To do – The data below should be transcribed in full, with no picture included.

START Collected data

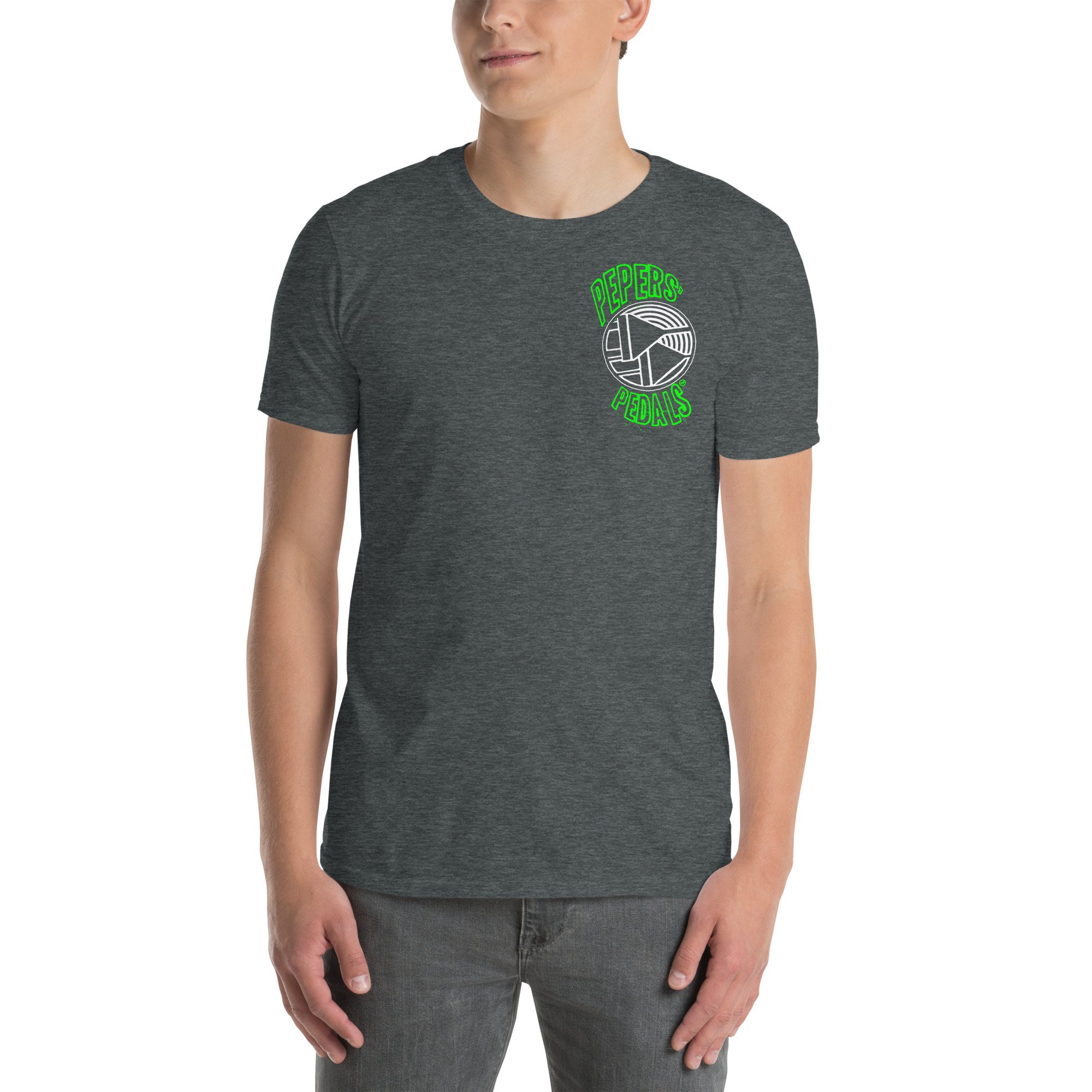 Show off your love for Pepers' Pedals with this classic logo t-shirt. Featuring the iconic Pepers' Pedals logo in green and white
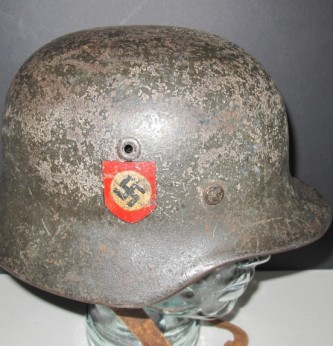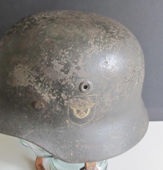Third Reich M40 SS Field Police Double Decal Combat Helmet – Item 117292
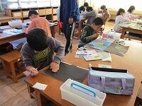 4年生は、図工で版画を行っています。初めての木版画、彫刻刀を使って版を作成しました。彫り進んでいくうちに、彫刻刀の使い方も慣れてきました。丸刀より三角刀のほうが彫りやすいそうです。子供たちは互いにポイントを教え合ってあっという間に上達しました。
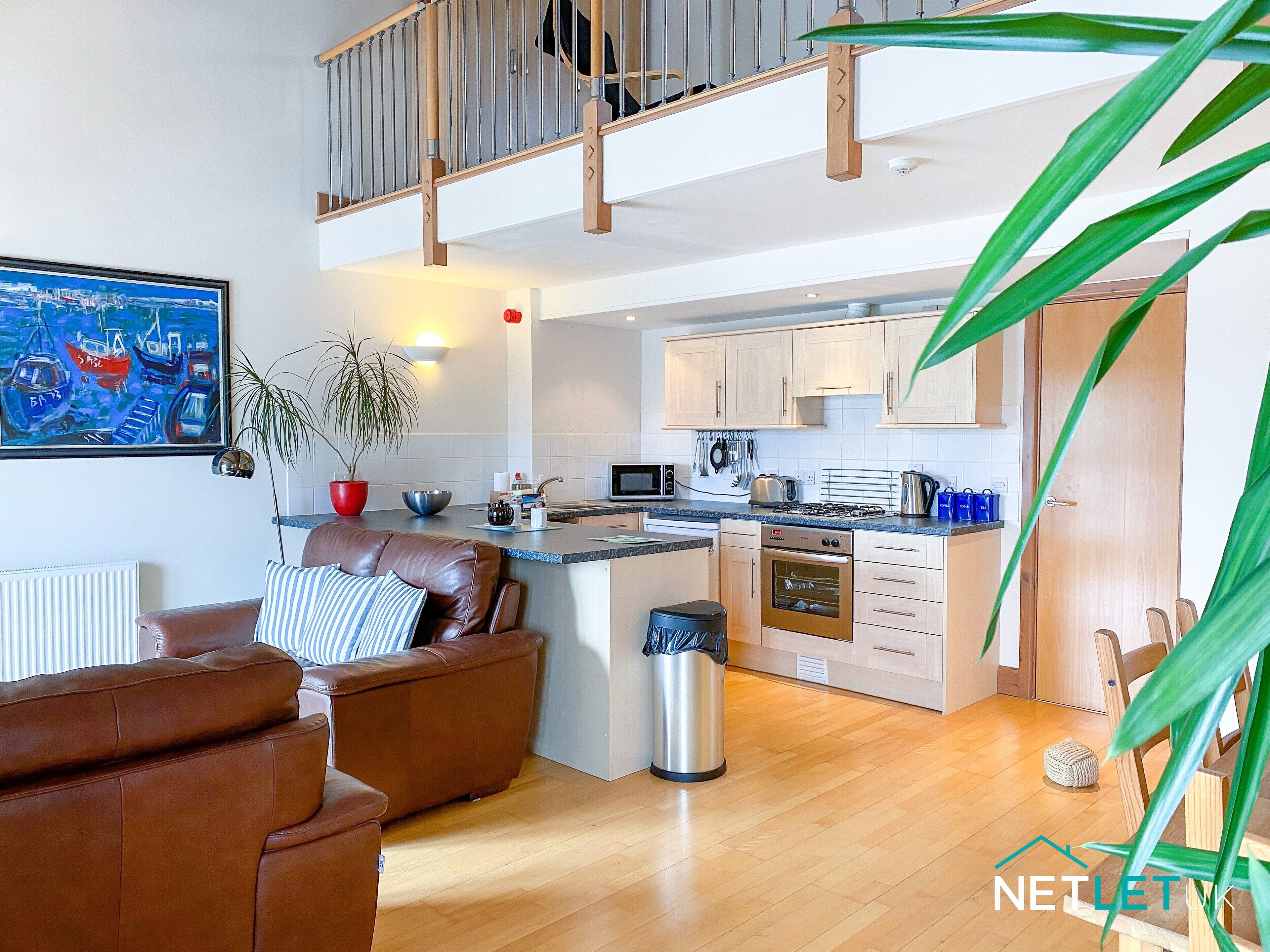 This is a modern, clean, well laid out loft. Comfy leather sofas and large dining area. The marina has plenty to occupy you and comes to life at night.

END Collected data

Output of the exercise –
 Show off your love for Pepers' Pedals with this classic logo t-shirt. Featuring the iconic Pepers' Pedals logo in green and white
Third Reich M40 SS Field Police Double Decal Combat Helmet – Item 117292
 4年生は、図工で版画を行っています。初めての木版画、彫刻刀を使って版を作成しました。彫り進んでいくうちに、彫刻刀の使い方も慣れてきました。丸刀より三角刀のほうが彫りやすいそうです。子供たちは互いにポイントを教え合ってあっという間に上達しました。
 This is a modern, clean, well laid out loft. Comfy leather sofas and large dining area. The marina has plenty to occupy you and comes to life at night.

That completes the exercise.